Thanks Nigel for the advice


----------



## accept (Dec 1, 2011)

May one ask was it always like this. All the twenty years you have been together or from when you had kids. I must agree there is something deeply wrong. Your roles seem to be reversed and I doubt there is something you can do about it.


----------



## spikey (Mar 15, 2012)

@accept -no it hasn't always been like this -she had a yr off after she lost her job about 2yrs ago.
Our roles are reversed and it's not so much that that bothers me it's the ingratitude that hacks me off the most -I don't want much in return ,We've spoken about this in the past and she perks up and is receptive for a while and then slides back into this state ,she also refuses to accept any blame for the breakdown in our marriage.
I'm genuinely at a loss


----------



## accept (Dec 1, 2011)

I suppose saying she works in the city means she has a higher grade and better paid job than you. It may be time to quit your marriage somehow. Unless the threat of divorce will make her see sense, I cant think of what else will. I dont think MC will help but a relation or friend to talk to her may. Women have to 'admire and look up to' their husband. Once this is missing like in a role reversal everything is lost. Twenty years to be together is a long time these days, and women have to be continuously made aware of who their husband is. Once the 'respect' is lost its hard to regain it.


----------



## lovehurt (Apr 6, 2012)

i am newly married ...actually i got married 5 months ago and at first it went just amazing..
but these 3 days ago i felt like something has changed or something is missed !!
he don't has that passion towards me !! and his current way of talking to me is really weird ...
i donno whether it is a bad alert to our marriage !!!
i was just angry at him and this morning i didn't talk to him like i always do and because of that he treated me like nothing to him he went out without telling me a thing and stayed long time when he returned i asked him why he didnt tell me
he said he don't has to.
and even when i told him lets talk and work this issue out he told me that he don't wanna talk to me neither now nor later !!!
it has been always like that whenever I feel like I have a legitimate argument, he somehow turns it around so that I end up feeling like I did something wrong...maybe worse than that
i am always afraid ...and frightened that one day he will go back to his ex that he was deeply and insanely in love with her ... although when we got married i thought that he was a way over it ...
but from time to time he mention it remembering something from their past and this is really breaking me down !!! and last time was last night !!!!
i don't wanna make a fight with him every time he mention her because he will think twice before he 'd mention her infront of me again 
but that really really hurts ....i dont wanna lose him he is my life ...i truly love him like a crazy !!!
i wish he understand !!!
he don't talk to me now he said that he is well ready to stay so for 5 months !!!
doesn't him feel what i fell now !!!
i have always the same feelings the same emotions the same passion and love towards him...every time i go back home i bring him a rose and give him lots of kisses ....gosh we haven't even have an affair for like a week now ...please tell me what i should do coz i am sooooooo broken now


----------



## Subi (Apr 4, 2012)

To be honest i think he misses his ex and i think he blames you for ruining his marriage.
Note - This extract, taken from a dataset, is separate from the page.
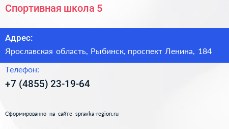 Спортивная школа №5 по адресу Ярославская область, Рыбинск, проспект Ленина, 184 в дальнейшем Организация, размещена в следующих категориях:

He needs to deall with the guilt he has and that is why he is shutting you out. If you love him then you need to help him get over his ex. Pushing him to face up to your needs will only push him further away. Let him talk about his ex as much as he wants. Help him by listening. Eventually it will run its course. Good luck
_Posted via Mobile Device_


----------



## moxy (Apr 2, 2012)

spikey -- If you're experiencing suicidal ideation, then it's possible that you are actually depressed about your situation. Please get to a counselor so that you have a good outlet for discussing some of your feelings and discover strategies for coping with these problems.

You wife seems to have withdrawn from the marriage and from you. Look up the marriage builders website and see if you two can work together on strengthening your marriage. 

You seem overwhelmed by domestic responsibilities, and you should. It's time to hire some help -- a housekeeper, a carpool, or something like that. And it's time to talk to your wife about the imbalance here. You're both working and you can both share the household chores. It shouldn't fall on you just because your job is more flexible.


----------



## moxy (Apr 2, 2012)

lovehurt -- You should start your own thread so that you get more comments and support. And, you should consider posting this thread of yours on the Coping With Infidelity section because you'll get better support for this issue there.

He is not your whole life. You need to calm down. You love him and he is your partner, but you still have a life of your own. Maybe you're being too clingy and it's pushing him into the arms of the other woman more. Some men like the pursuit. You should back off and do the 180 and see if his attitude toward you changes. And, you really, really need to realize that there is more to life than your spouse. You have a whole self and a whole life that is all your own....if your husband wanted a relationship with a mirror or with himself, why would he be with you? You have to continue to be yourself and not keep trying to please him; it will be better for both of you.

It does sound like he's withdrawn from the marriage and maybe obsessing about his ex. You panicking about it will not help make things work. Don't pressure him to be romantic because he will go through the motions and not mean it and you won't resolve anything. Get yourselves to marriage counseling if you can.


----------